1. Count the number of birthdays by the month (number of birthdays per month).
2. Count the number of birthdays by the day of the week. 

What conclusions can you draw? You may find the `Counter` class in the `collections` module useful.

In [11]:
import numpy as np

def bday_month(list):
  """
  Computes the number of birthdays per month.
  
  Parameters:
  list (list): The list of birthdays with tuples in the format of (month, day, year, count).
  
  Returns:
  months (array): An array of the sums where index 0 is January and index 1 is February and so forth.
  
  """
  #months = np.zeros(12)
  months = [0, 0, 0, 0, 0, 0, 0, 0, 0, 0, 0, 0]
  for i in range(0,365):
    months[list[i][0] - 1] = (months[list[i][0] - 1] + list[i][3])
  return months

bday_month(ll)
      
    

[270695,
 249875,
 276584,
 254577,
 270812,
 270756,
 294701,
 302795,
 293891,
 288955,
 274671,
 284927]

In [12]:
import numpy as np

def bday_week(list):
  """
  Computes the number of birthdays per week.
  
  Weeks are defined as starting on Monday and ending on Sunday, as such, the first week of 1978 starts on January 2nd.
  
  Parameters:
  list (list): The list of birthdays with tuples in the format of (month, day, year, count).
  
  Returns:
  weeks (array): An array of the sums where index 0 is Week 1 and index 2 is Week 2 and so forth.
  
  """
  weeks = np.zeros(52)
  day_counter = 0
  week_counter = 0
  for i in range(1, 365):
    #print(week_counter)
    weeks[week_counter] = weeks[week_counter] + list[i][3]
    day_counter += 1
    if day_counter%7 == 0:
      week_counter += 1
  return weeks

bday_week(ll)

array([59157., 61938., 61962., 61601., 61749., 62560., 62313., 62622.,
       62633., 62894., 62332., 61884., 61568., 60786., 58955., 59192.,
       59884., 60252., 60589., 60986., 61975., 61118., 62119., 62216.,
       63697., 64801., 64692., 67131., 68741., 68062., 67218., 68719.,
       68795., 67656., 67346., 67523., 69139., 69733., 69133., 67216.,
       65995., 64331., 63937., 63387., 64357., 64859., 62385., 64789.,
       64356., 65412., 65108., 63735.])

From the results of the amount of birthdays per month, it seems like it is somewhat evenly distributed.

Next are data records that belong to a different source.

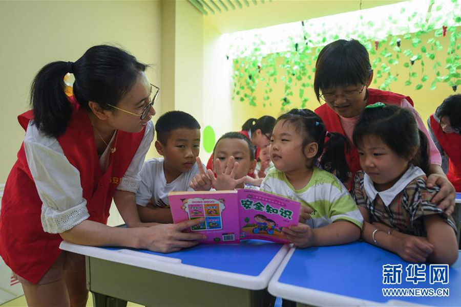 1/07月13日,在廣西融水苗族自治縣桿洞鄉(xiāng)黨鳩小學(xué),融水海事處工作人員指導(dǎo)學(xué)生穿救生衣。當(dāng)日,廣西柳州融水海事處在桿洞鄉(xiāng)黨鳩小學(xué)開展防溺水及水上交通安全知識教育活動,向?qū)W生們普及水上安全知識,并講解水上應(yīng)急救援技能。(新華社記者 黃孝邦/攝)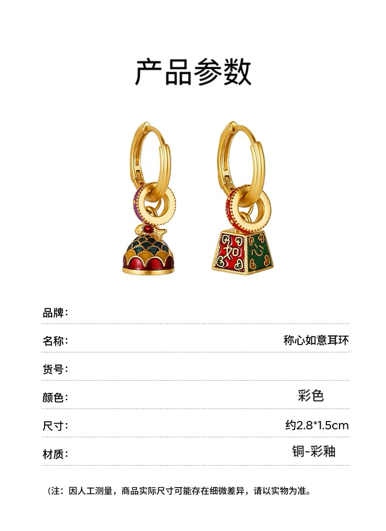 Oflye潮流饰品 新中式复古国风称心顺意耳环新款高级感女士轻奢气质耳坠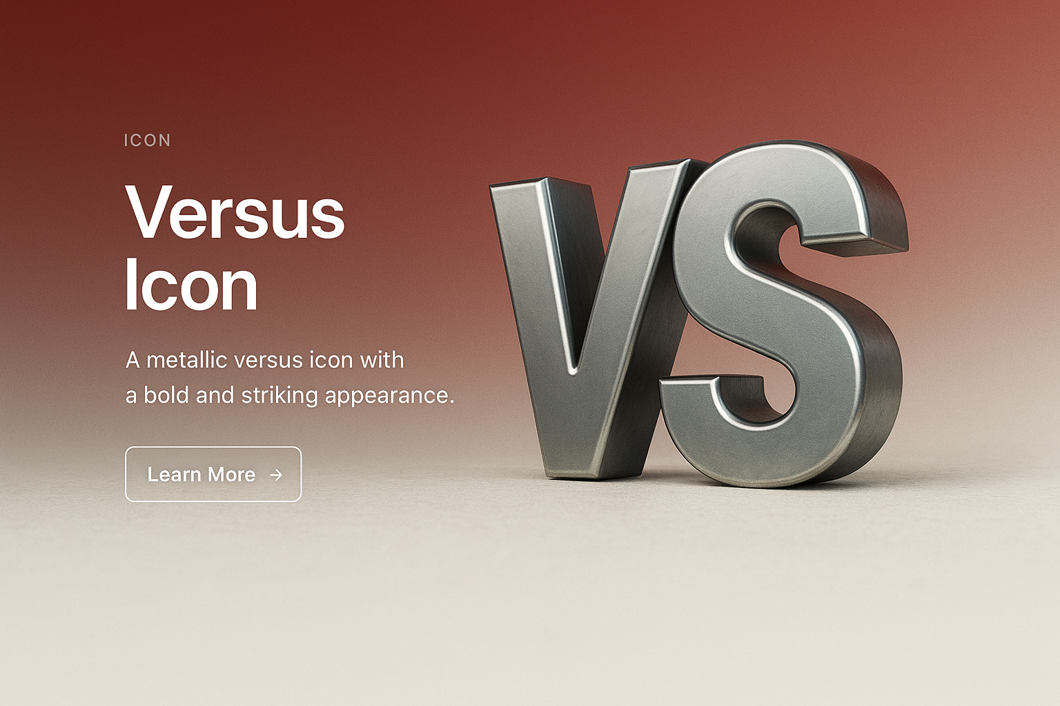 A striking metallic 'VS' icon set on a gradient background, ideal for web use with clear text and action button. It embodies a modern, stylish aesthetic.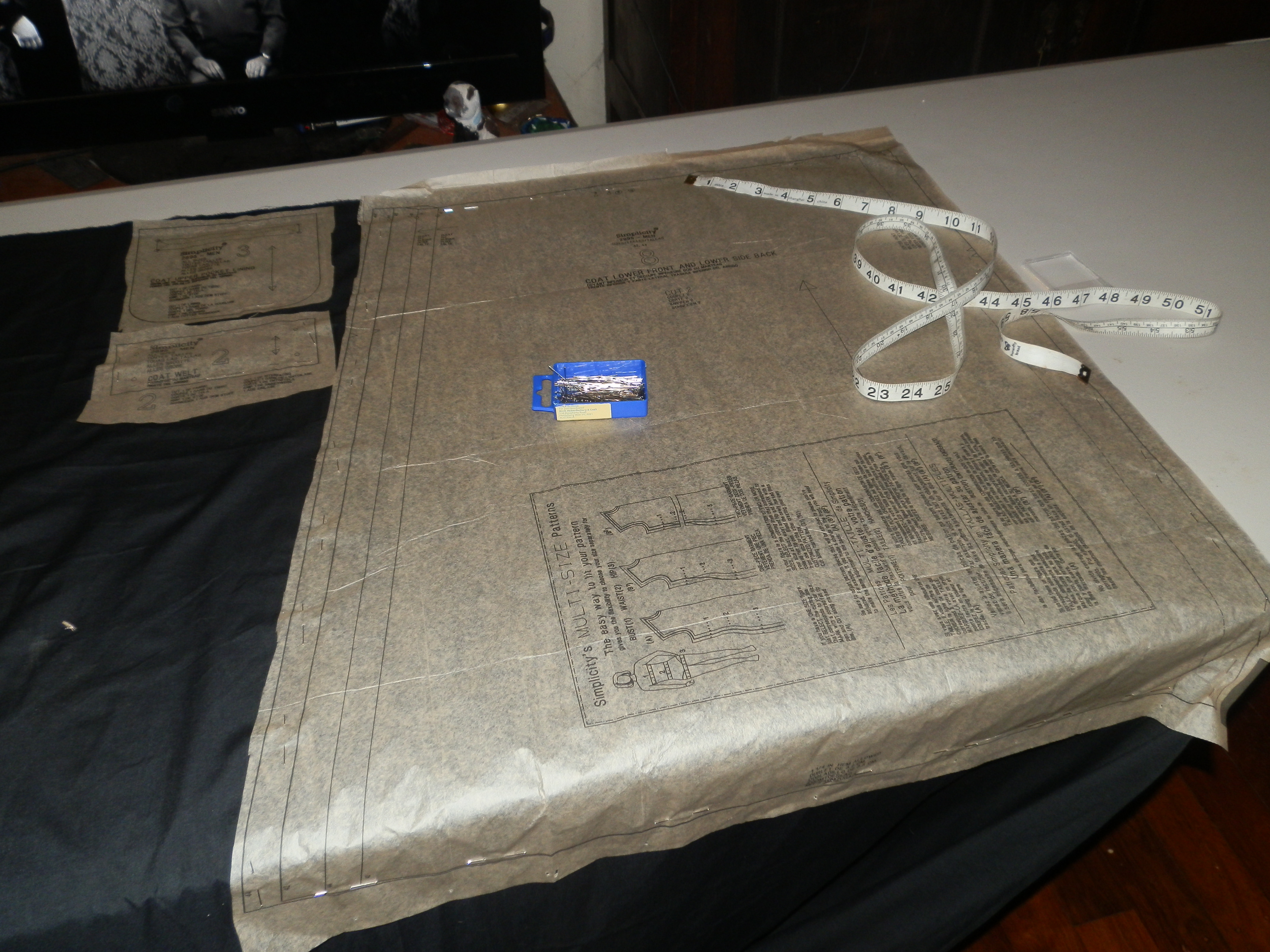 At last the Frock Coat pattern pieces are located and work can begin again. For a while I thought that the Troughton Frock Coat’s career would be as short as Fariah’s, Salamander’s Food Taster in The Enemy of the World. Glasses, dog muzzles and remote controls are used to weigh the pieces down from the wind.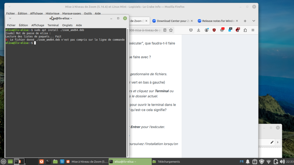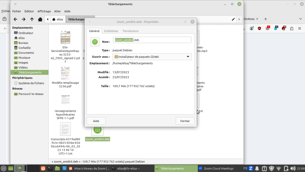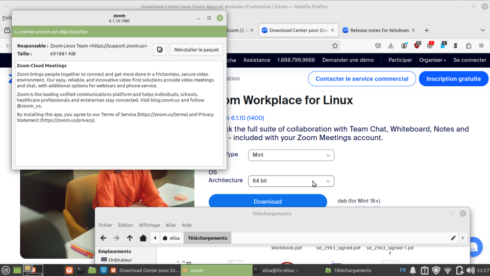 Bonsoir @zelandonii , C'est déjà installé (voir précédent email). Je tente d'expliquer Je suis allée dans le "Thunar" pour rechercher zoom_amd64 J'ai effectué un clique droit, puis , j'ai choisis " Ouvrir avec "installateur de paquets Gdebi" " Résultat : capture d'écran dans les précédents emails "déja installé" (j'ai dû le faire deux fois) Je rajoute une capture d"écran. Je dois juste ouvrir un lien d'un webinar , afin de constater si je retrouve tout comme avant. Je laisse le regard d'un tech me confirmer l'installation , n'est-ce pas @zelandonii Merci par avance, Bonne fin de soirée, Elis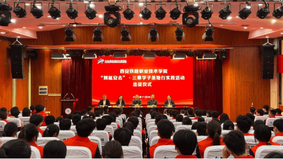 为深入贯彻习近平总书记关于“延安精神是党的宝贵精神财富,要代代传承”的重要指示精神,积极响应省委教育工委等九部门联合印发的《“到延安去”・三秦学子圣地行工作方案》,引导学生深刻把握延安精神时代价值,用好延安革命圣地丰富红色资源,充分发挥实践平台育人作用,11月26日下午,学院在港务校区隆重举行“到延安去”・三秦学子圣地行实践活动出征仪式。学院党委副书记任治军,党委宣传部、党委学工部、团委、马克思主义学院等部门负责人,各二级学院党总支书记及236名实践团师生齐聚现场,共同见证这场承载初心与使命的红色征程启航。仪式由团委办公室主任田辰主持。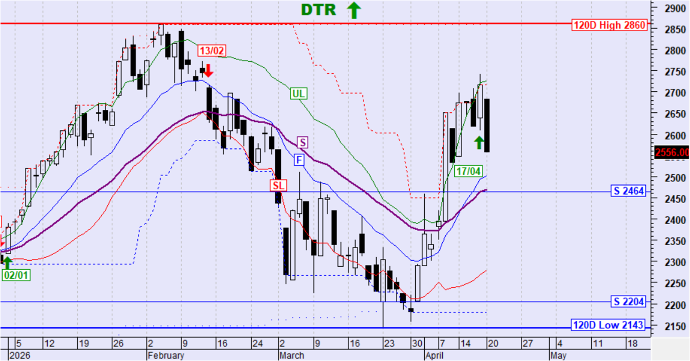 Ο ΓΔ κινήθηκε διορθωτικά χωρίς σηματοδότηση και διατηρείται η ανοδική τάση. Δεν υπάρχουν αντιστάσεις ψηλότερα της τιμής του δείκτη και έτσι υφίστανται πιθανότητες συνέχισης της ανόδου μέχρι το υψηλό των 120 ημερών όσο η τιμή παραμένει ψηλότερα του αργού κινητού μέσου όρου S.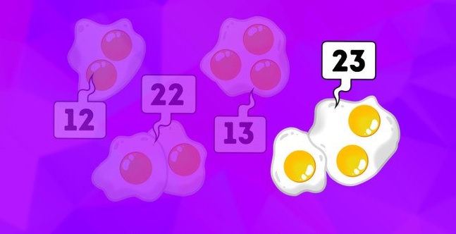 Σε κάθε αριθμό, το πρώτο ψηφίο αναπαριστά τα πόσα ασπράδια υπάρχουν και το δεύτερο ψηφίο πόσοι κρόκοι. Άρα ο αριθμός που λείπει είναι το 23 (2 ασπράδια και 3 κρόκοι).
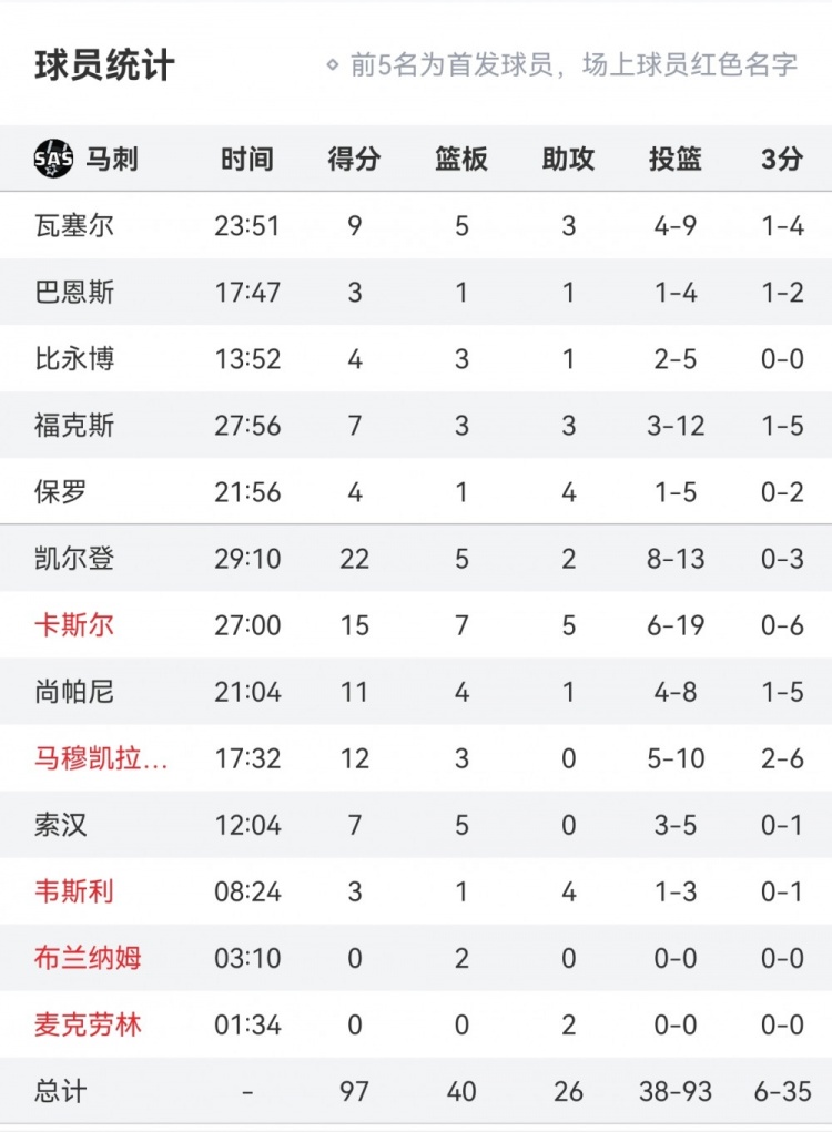 2025-02-27 15:16:23主力低迷!馬刺首發沒人得分上雙 福克斯&保羅合計17中4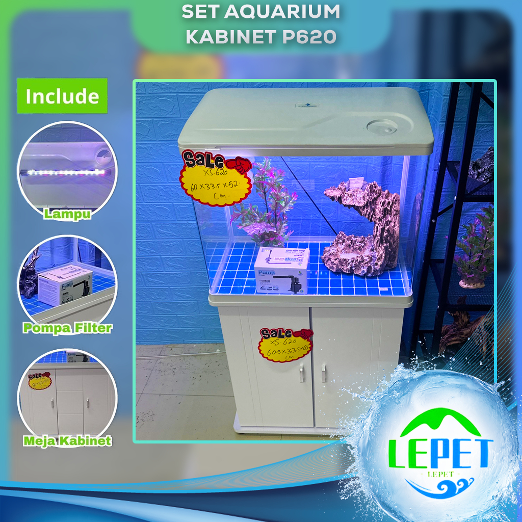 LEPET AQUARIUM PAKET MURAH DAN LENGKAP DENGAN MEJA UKURAN P620 / AQUARIUM SET CABINET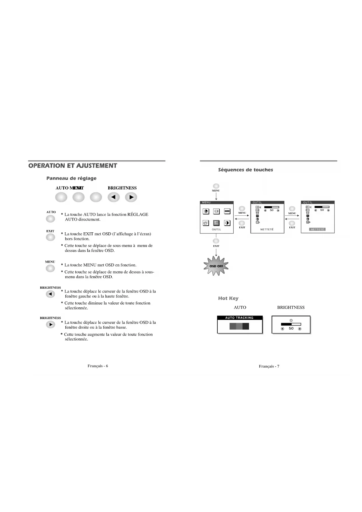 - Cette touche augmente la valeur de toute fonction sélectionnée. AUTO EXIT MENU BRIGHTNESSBRIGHTNESSFrançais - 9 Français - 8 Règle la qualité d’image d’écran. NETTETÉ RÉGLAGE AUTO Règle la qualité et la dimension verticale et horizontale. Sélectionne la langue du menu OSD (6 langages). LANGUE Règle la largeur (dimension horizontale) de l’image d’écran. RÉGLAGE FRÉQUENCE Choisi différentes températures de couleur pré-réglées ou règle vos propres paramètres de couleurs personnalisées. Aiguise le foyer en alignant l’élément d’image illuminé. Réglez jusqu’à l’image d’écran paraît concentré, frisé et acére. Réglage CLOCK FINE après RÉGLAGE FRÉQUENCE fait l’écran clair. Règle la couleur de rouge. Règle la couleur de vert. CLOCK FINE TEMP. DES COULEURS CONTRÔLE DES R. CONTRÔLE DES V. Règle la couleur de bleu. Règle la position de l’affichage horizontalement (gauche ou droite) et verticalement (haut ou bas). Règle la position OSD horizontalement (gauche ou droite) et verticalement (haut ou bas). CONTRÔLE DES B. CENTER H. & CENTER V.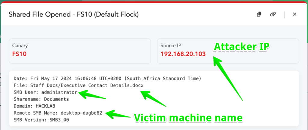 When an attacker connects to a file share, the source IP would correlate to the “Remote SMB Name”. In other words, if we were to perform a netbios lookup for “192.168.20.103” it would reveal the attackers hostname.
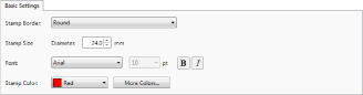 Specify the margin in the stamp border. To change the margin, move the slider to the left or right, or enter a numeric value between -13 mm and 13 mm. You can also use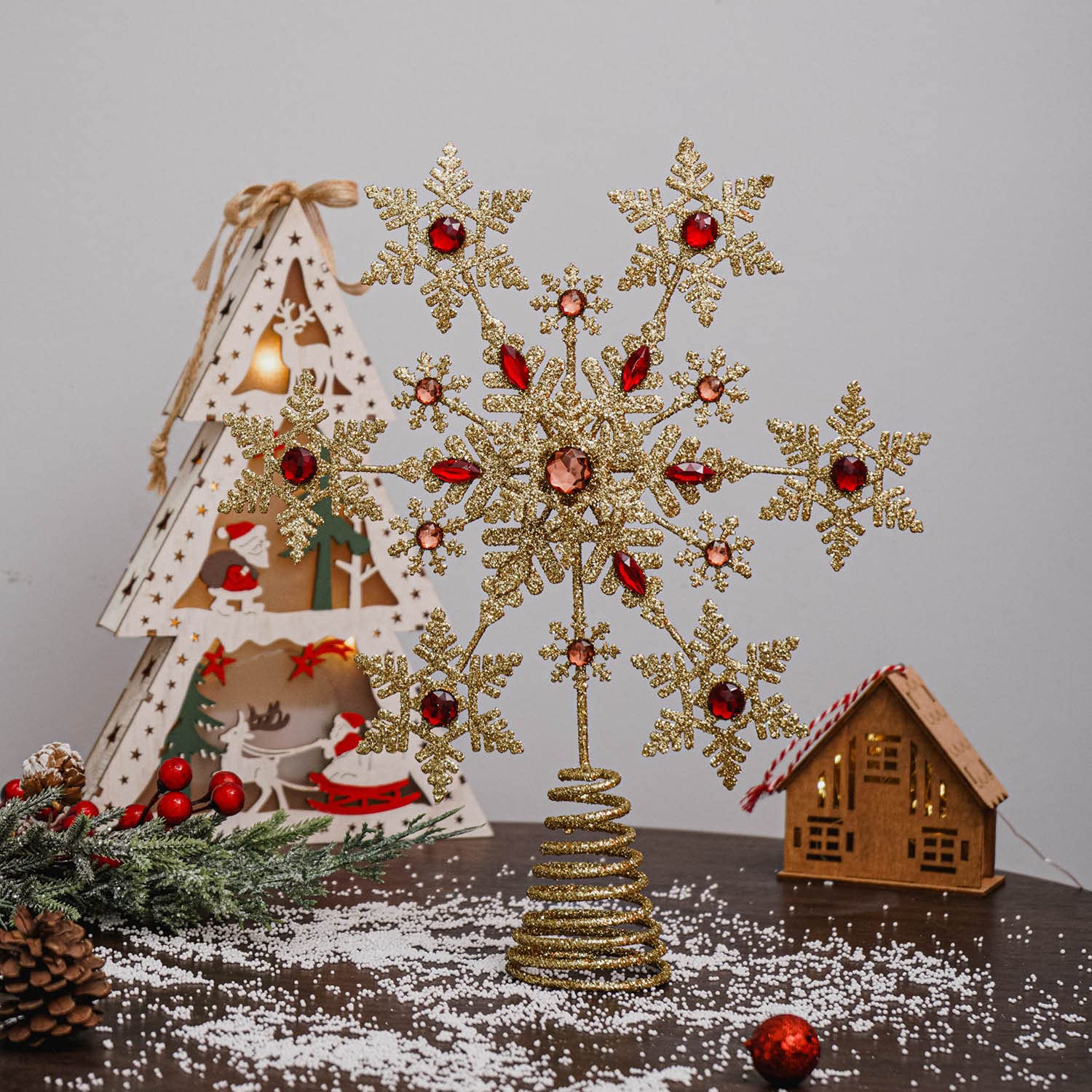 Christmas Tree Topper Indoor Festive Christmas Snowflake Treetop Metal Decoration for Holiday Home Ornament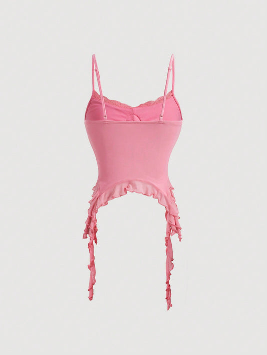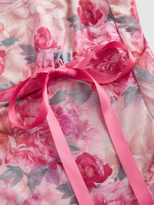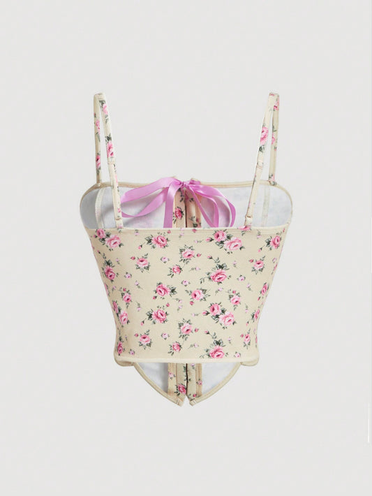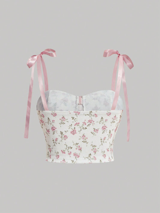 SHEIN MOD Parte superior de tirantes elegante de color rosa con decoración de cinta, dobladillo asimétrico y estampado de flores, para otoño, moda de los 90, franceses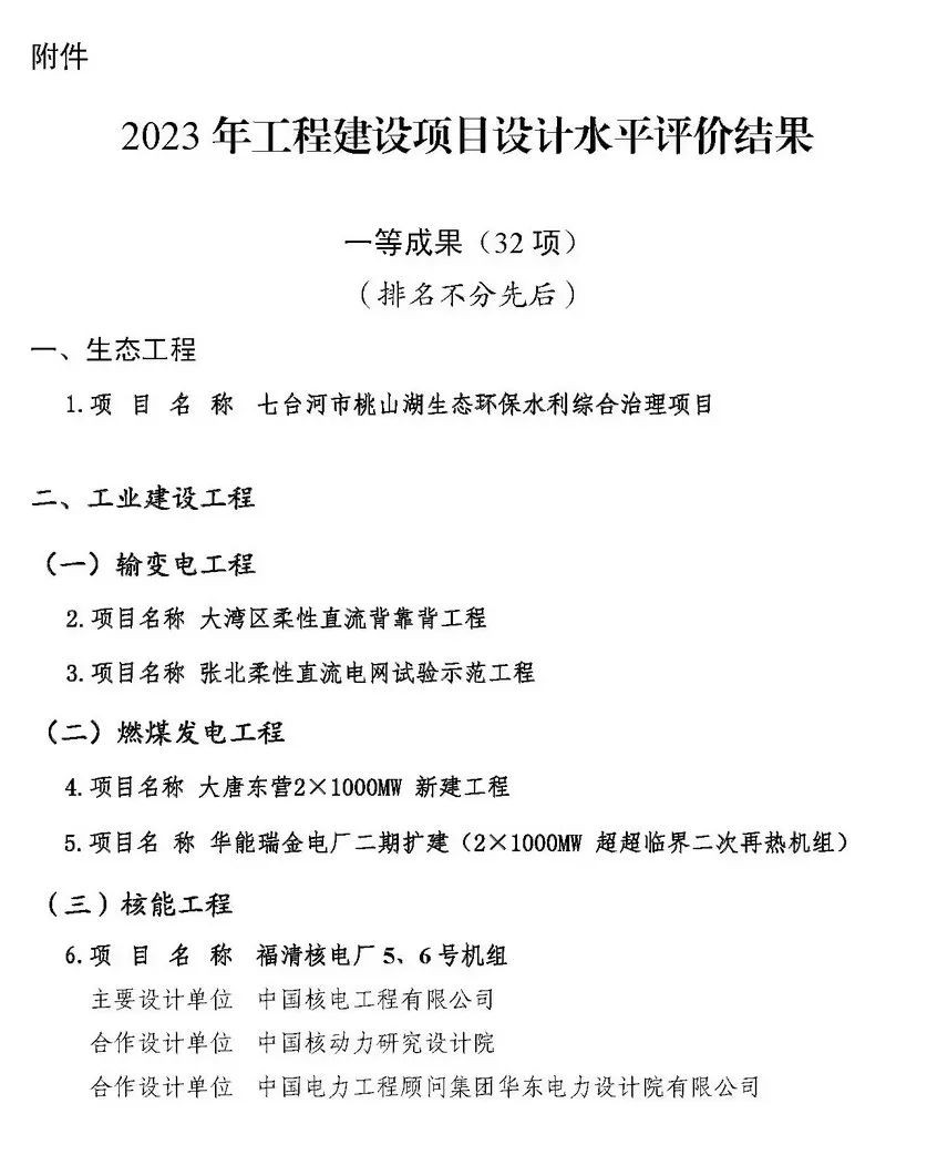 近日,中国施工企业管理协会公布了2023年工程建设项目设计水平评价结果,中国核电工程有限公司总包并作为主要设计单位联合中国核动力研究设计院和华东电力设计院有限公司设计的华龙一号示范工程——福清核电厂5、6号机组获工程建设项目设计水平评价一等成果奖。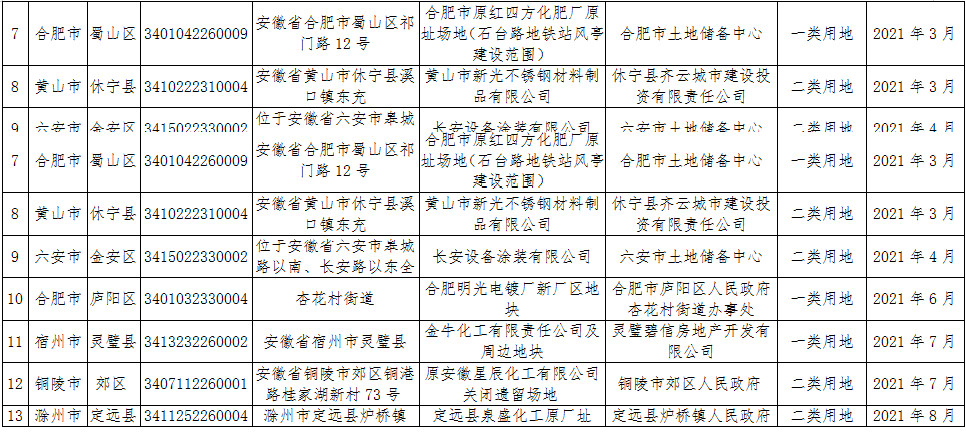 安徽省建設(shè)用地土壤污染風(fēng)險(xiǎn)管控和修復(fù)名錄(2021年8月)
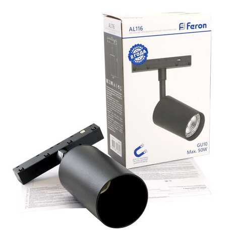 Cветильник магнитный трековый AL116 под лампу GU10 230В черный

The month of August has the most at 302,795 and the month of February has the lowest at 249,875. 

This is also reflected in the amount of birthdays per week. Each week is within a few thousand birthdays with the lowest being week 15 (April 3 to April 9) at 58,955 and the highest being week 38 (September 18 to September 24) at 69,733.